BY Admin  March 17, 2005 at 1:20 PM EST

With its output already near a 25-year high, the Organization of Petroleum Exporting Countries is stretched to meet rapidly rising demand but is considering a second output increase following one agreed to this week in light of the rising prices, Reuters reported.

OPEC members meeting in Iran on Wednesday agreed to boost the group’s output quota by 500,000 barrels a day, or 1.9 percent.

OPEC President Sheik Ahmed Fahd al-Ahmed al-Sabah said ministers might start telephone consultations as early as next week about increasing production another 500,000 barrels if prices do not ease, according to the Associated Press.

“As OPEC, we will continue to watch the market closely,” he said. “We believe that if prices stay as they are in the next seven to 10 days, we will start contacting minister colleagues to discuss the other 500,000 (barrels a day) that the president has the authority (to decide on) after consultations.”

On Thursday, light sweet crude for April delivery rose 29 cents to $56.75 a barrel in afternoon Nymex trade, retreating from a high of $57.50.

While the price of oil is more than 50 percent higher than a year ago, crude futures would have to climb above $90 a barrel to approach the all-time inflation-adjusted high set in 1980, according to the AP.

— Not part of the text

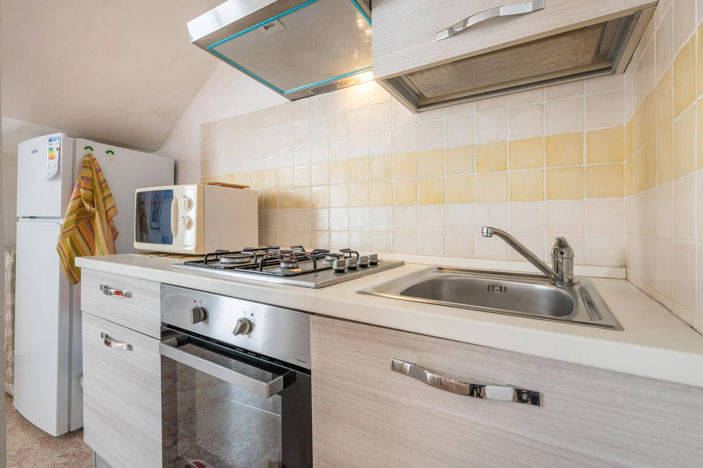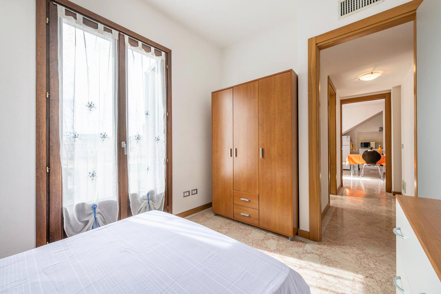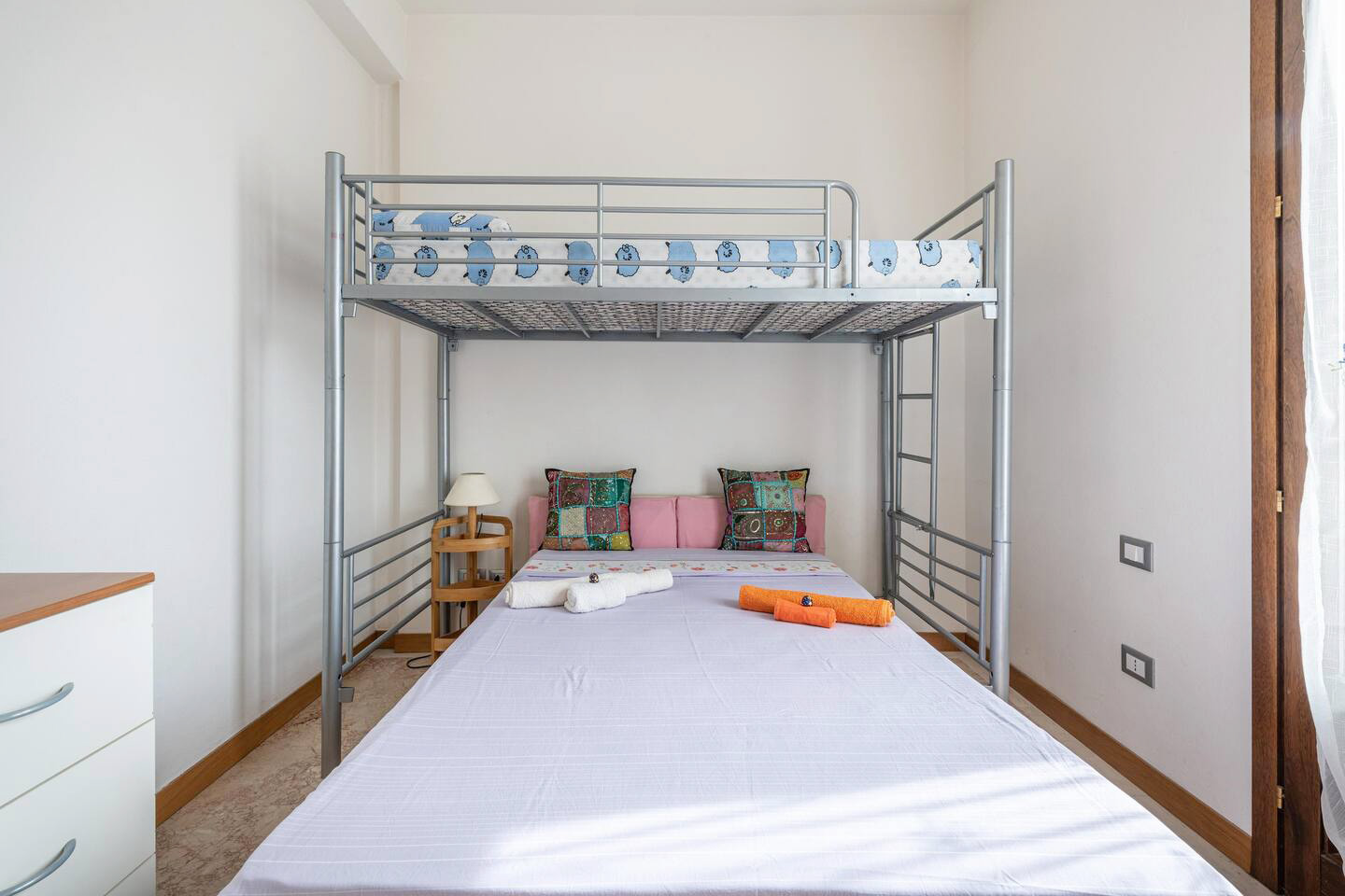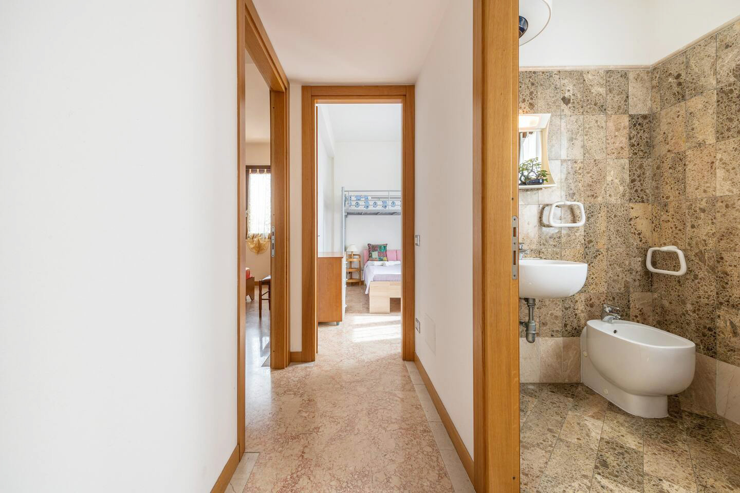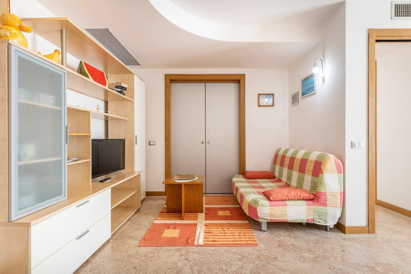 Die Wohnung (ca. 72 qm) ist komplett ausgestattet und verfügt über einen großen Wohn-/ Essraum mit integrierter Küche - 1 Schlafzimmer mit Ehebetten - 1 Schlafzimmer mit 3 Betten - 1 Bad/ Dusche/ WC/ Bidet - für max. 5 Personen.

“I don’t see anything than can take this thing down,” said Michael Guido, director of commodity strategy in New York for Societe Generale, reported the AP. He said the fear of a supply problem, not an actual supply problem, is driving the market psychology.

If the economy took a turn for the worse, signaling a drop in energy demand, then prices might fall, he said.

But economic forecasters are not predicting a downturn.

“People are not rationing their gasoline expenditures or rationing their driving,” said Smith Barney economist Steve Wieting, who added he believes the U.S. economy will continue to grow at a healthy clip of 4 percent in 2005, quoted the AP.